Be sure to show your support for your favorite on social media and tag us in your posts. 

For more information on how to participate, visit

This year’s finalists are:

Judges Emily Stanczak, left, 9, of Auburn Hills and Amaria Clark, 10, of Redford carefully consider their choices from an array of fancifully dressed dolls during the annual judging of the Goodfellows doll-dressing competition at Comerica Bank in downtown Detroit on Monday, Nov. 19, 2018. Hundreds of volunteers dress the thousands of dolls that will be distributed to little girls from poor families in Detroit and nearby cities. (Photo: John T. Greilick, Detroit News)

Detroit Goodfellows 

Known as the charity that works to give every child a Christmas, theOld Newsboys Goodfellow Fund of Detroit is an iconic Detroit nonprofit that’s been around from more than a century.

“The mission that we have been committed to for the past 106 years is ‘No kiddie without a Christmas,'” said Sari Klok-Schneider, the nonprofit’s executive director.

This year, the Goodfellows estimates it will distribute about 30,000 Christmas packages to needy children.

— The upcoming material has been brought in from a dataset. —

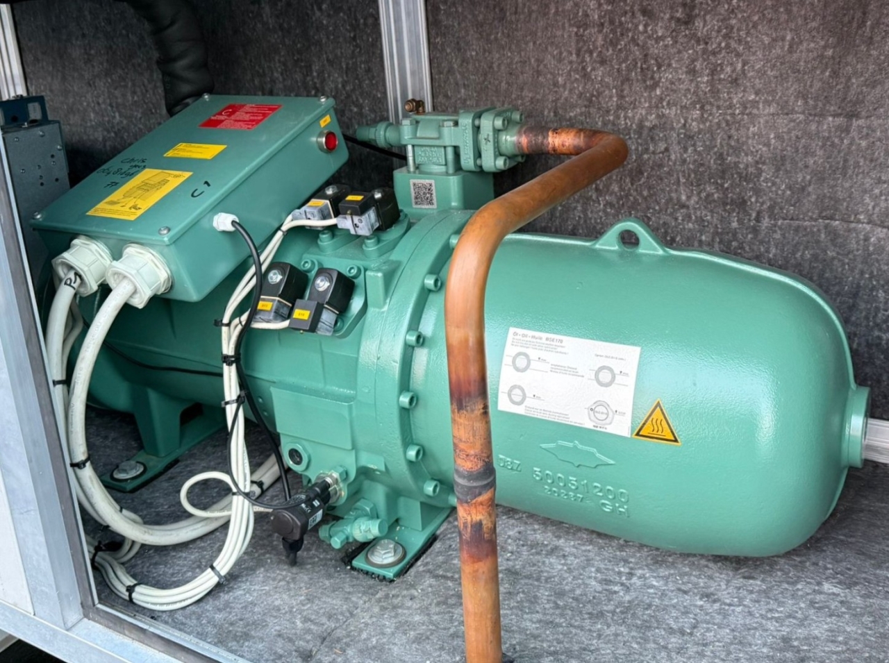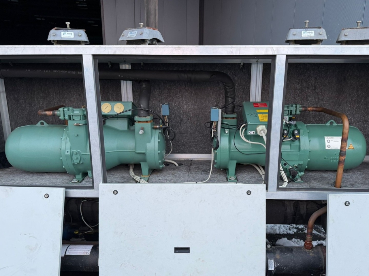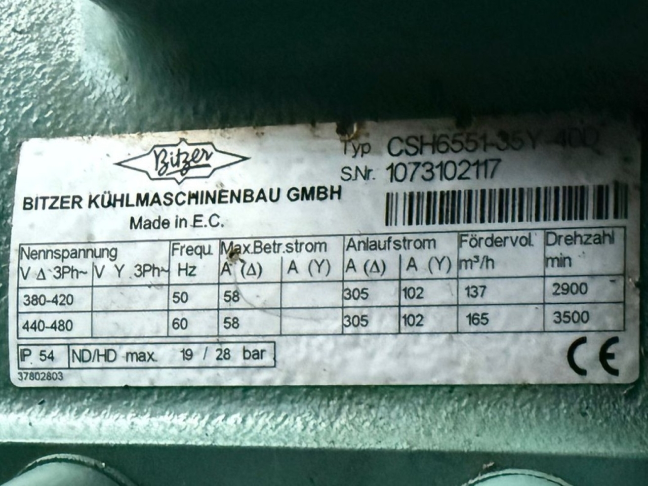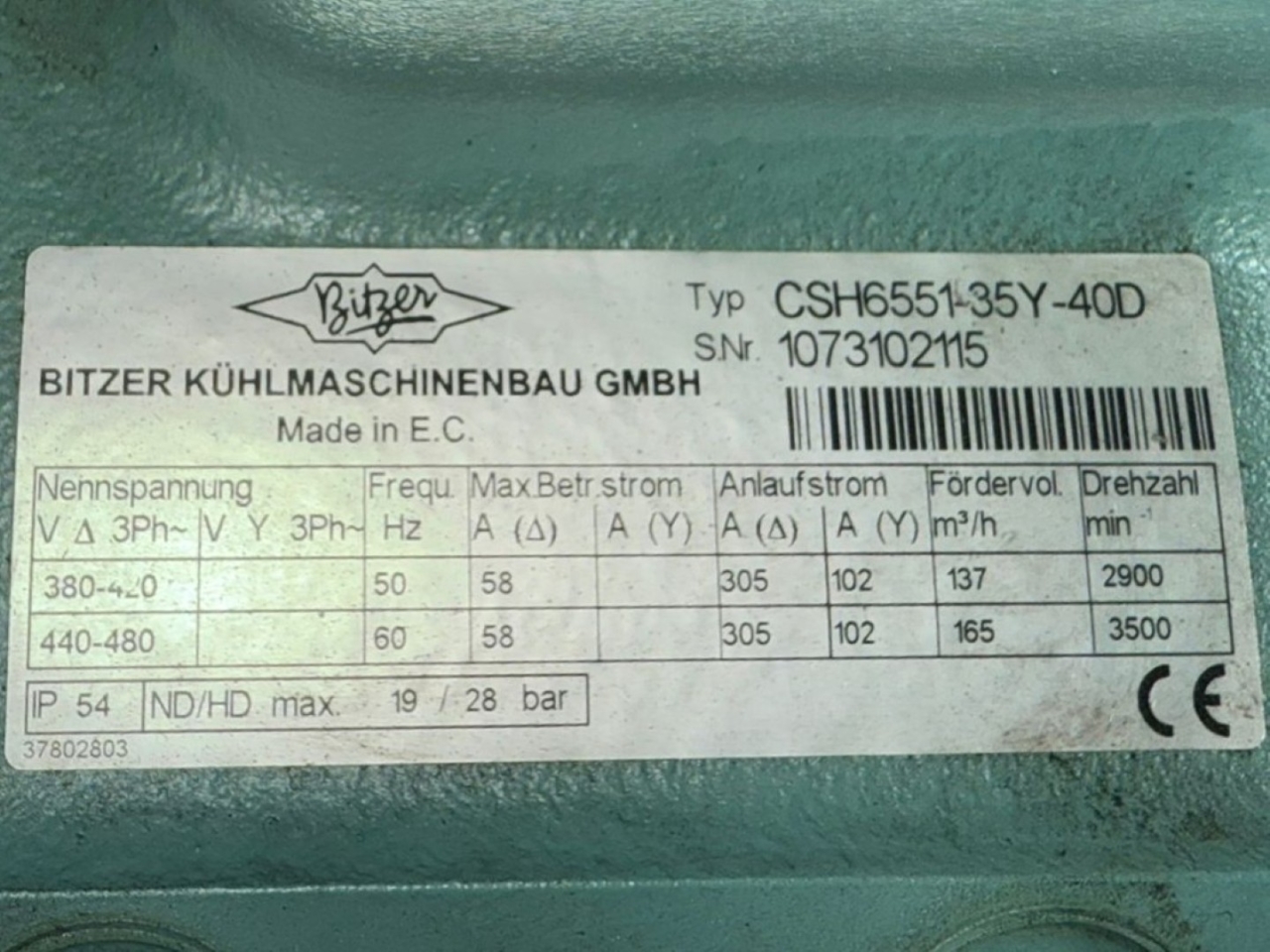 Gebruikte Bitzer CSH6551-35Y-40D semi-hermetische schroefcompressor op Freon met kijkglas. De compressor heeft een verplaatsing van 137 m³/h bij 50 Hz en 165 m³/h bij 60 Hz.

The boxes contain clothes, dental kits, books and toys.

James J. Brady, who was director of the Internal Revenue Service in Detroit, started the charity in 1914 after seeing a cartoon of a forlorn child in The Detroit News.

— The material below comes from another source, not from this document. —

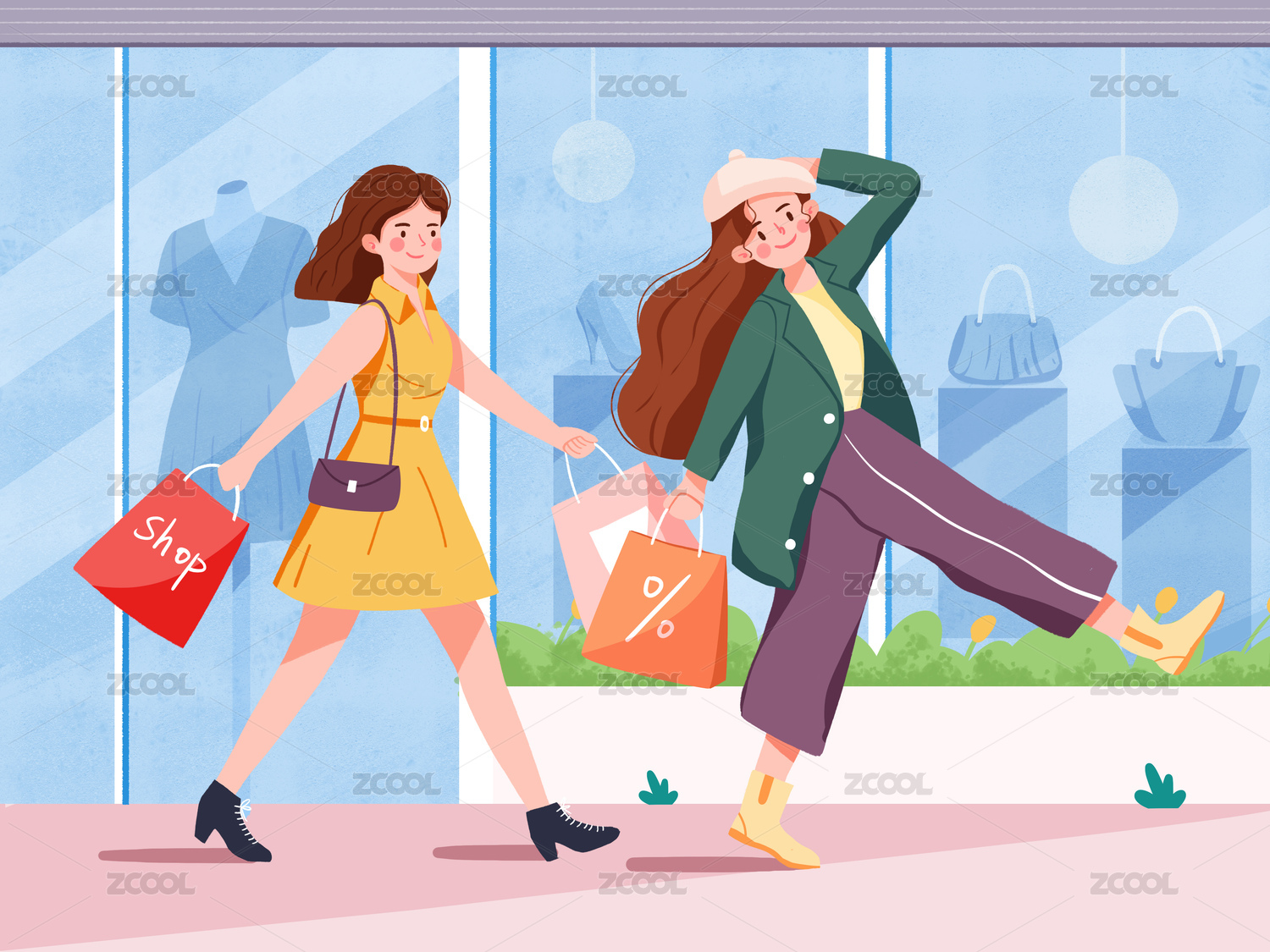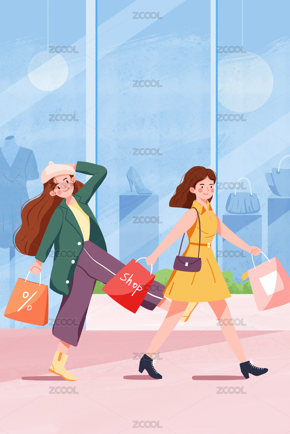 卡通扁平风两个女孩闺蜜电商节一起开心购物

Its largest fundraiser is the Detroit Goodfellows Sales Day, when its volunteers take to Metro Detroit’s streets the Monday after Thanksgiving to sell special editions of The Detroit News and Detroit Free Press.

Klok-Schneider said if the group wins the Cheer for Charity contest, it will use the prize to buy items for next year’s Christmas gift bundles for children.

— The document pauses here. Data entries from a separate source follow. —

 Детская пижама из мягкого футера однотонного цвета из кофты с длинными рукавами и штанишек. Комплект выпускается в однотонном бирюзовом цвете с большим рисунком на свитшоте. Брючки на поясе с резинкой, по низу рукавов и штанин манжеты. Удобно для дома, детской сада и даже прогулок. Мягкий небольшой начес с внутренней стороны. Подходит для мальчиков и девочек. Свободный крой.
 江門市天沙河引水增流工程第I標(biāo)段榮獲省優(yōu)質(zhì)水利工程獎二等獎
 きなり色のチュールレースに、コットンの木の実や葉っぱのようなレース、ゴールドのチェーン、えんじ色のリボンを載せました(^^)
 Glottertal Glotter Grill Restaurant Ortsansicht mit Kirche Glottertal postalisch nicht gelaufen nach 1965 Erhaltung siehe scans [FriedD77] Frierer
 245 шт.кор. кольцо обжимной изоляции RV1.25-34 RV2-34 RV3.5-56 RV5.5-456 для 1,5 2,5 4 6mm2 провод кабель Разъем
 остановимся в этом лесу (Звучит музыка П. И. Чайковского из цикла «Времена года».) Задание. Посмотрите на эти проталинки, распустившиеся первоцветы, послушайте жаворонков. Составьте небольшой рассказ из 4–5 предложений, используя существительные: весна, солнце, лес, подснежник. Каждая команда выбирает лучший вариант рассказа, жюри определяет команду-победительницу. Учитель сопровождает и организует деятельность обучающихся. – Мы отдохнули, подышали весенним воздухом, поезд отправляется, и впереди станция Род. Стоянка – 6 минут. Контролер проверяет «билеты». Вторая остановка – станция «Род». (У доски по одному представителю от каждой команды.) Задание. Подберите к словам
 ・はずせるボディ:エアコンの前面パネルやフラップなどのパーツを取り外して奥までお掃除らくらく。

“We would make them bigger and better,” she said. “Every year, we try to improve them in terms of what we give the kids.” 

A coyote at the Howell Nature Center in Howell, Michigan. (Photo: Detroit News file)

Howell Nature Center 

The Howell Nature Center is the place police and people turn to when they come across wounded wild animals.

But it also offers outdoor education and recreation programs, children’s summer camps, a wildlife rehabilitation clinic and a teaching zoo on its 230 acres of woods and wetlands located around Pleasant Lake in Livingston County.

“Our mission is to teach people how to be faithful caretakers of each other and the world around them,” Elizabeth Schultz, the center’s manager of community engagement and programs. “That’s at the nucleus of all of our programs.”

Schultz said the number of patients at its wildlife rehabilitation clinic rises every year. Most cases are animals injured in interactions with humans, such as an attack by a pet or being hit by a car. 

“We’ve had a record-breaking year every year,” she said. “So far this year, (we’ve) already treated 4,200 and it’s not even over yet.”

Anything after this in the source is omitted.